We denote the set of voxels of the PZ region as \({\mathbb {P}}\), the TZ region as \({\mathbb {T}}\), and the csPCa lesion region as \({\mathbb {L}}\) for a given prostate mpMRI image. Given an input image \({{\mathscr {I}}} \in {\varvec{R}}^{\ C\times D\times H\times W}\) and the corresponding binary mask \({{\mathscr {M}}} \in \{0, 1\}^{D\times H\times W}\), where \(C,\ D,\ H,\ W\) are the channel number, depth, height and width of the input image \({{\mathscr {I}}}\), for any voxel \(v \in {{\mathscr {I}}}\), the corresponding label voxel m on \({{\mathscr {M}}}\) in binary CE loss design is given as:

$$\begin{aligned} m=\left\{ \begin{array}{ l l } 1 &{} \quad \text {if }v\in {\mathbb {L}},\\ 0 &{} \quad \text {otherwise} \end{array} \right. \end{aligned}$$
(1)

One of the key points of the hierarchical label and loss design is the multi-level labeling design with respect to the number of properties each class holds—lower-level classes hold fewer properties and constraints, higher-level classes hold more properties and more constraints correspondingly11,12,13. According to PI-RADS2,3, PCa lesions in PZ mostly require visual information related to DWI, while lesions in TZ require a combined evaluation of both T2WI and DWI for accurate diagnosis. We adopt this clinical interpretation process using the hierarchical label and loss design by treating the class of TZ lesions as requiring additional information from T2WI images compared with the class of lesions in PZ for improved PCa detection on mpMRI. Hence, the ZL design is adept at acknowledging the distinct zonal appearance of PCa while preserving the anatomical congruence between lesions in the TZ and PZ.
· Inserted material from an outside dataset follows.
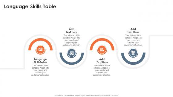 Presenting our innovatively designed set of slides titled Language Skills Table In Powerpoint And Google Slides Cpb. This completely editable PowerPoint graphic exhibits Language Skills Table that will help you convey the message impactfully. It can be accessed with Google Slides and is available in both standard screen and widescreen aspect ratios. Apart from this, you can download this well-structured PowerPoint template design in different formats like PDF, JPG, and PNG. So, click the download button now to gain full access to this PPT design. Our Language Skills Table In Powerpoint And Google Slides Cpb are topically designed to provide an attractive backdrop to any subject. Use them to look like a presentation pro.

We design a hierarchical labeling with ground truth mask \({{\mathscr {M}}} \in \{0, 1\}^{2\times D\times H\times W}\) for a given image \({{\mathscr {I}}} \in {\varvec{R}}^{\ C\times D\times H\times W}\). For any voxel \(v \in {{\mathscr {I}}}\) , the corresponding label vector \({\varvec{m}}=[m_0, m_1]\in \{0,1\}^2\) in \({{\mathscr {M}}}\) in our loss design is given as:

$$\begin{aligned} {\varvec{m}} = {\left\{ \begin{array}{ll} {[}1, 1], \ \ \ \ \text {if}\ v\in {\mathbb {L}}\cap {\mathbb {T}}\\ {[}1, 0], \ \ \ \ \text {if}\ v\in {\mathbb {L}}\cap {\mathbb {P}}\\ {[}0, 0], \ \ \ \ \text {otherwise} \end{array}\right. } \end{aligned}$$
(2)

This label design aims to adopt the clinical prior knowledge to the detection of csPCa lesions. Abnormalities should be observed on image sequences related to DWI in common for both the lesions in TZ and PZ (\(m_0\)), and additional abnormal observations from T2WI are needed for lesions in TZ in order to make more accurate diagnoses (\(m_1\))2,3.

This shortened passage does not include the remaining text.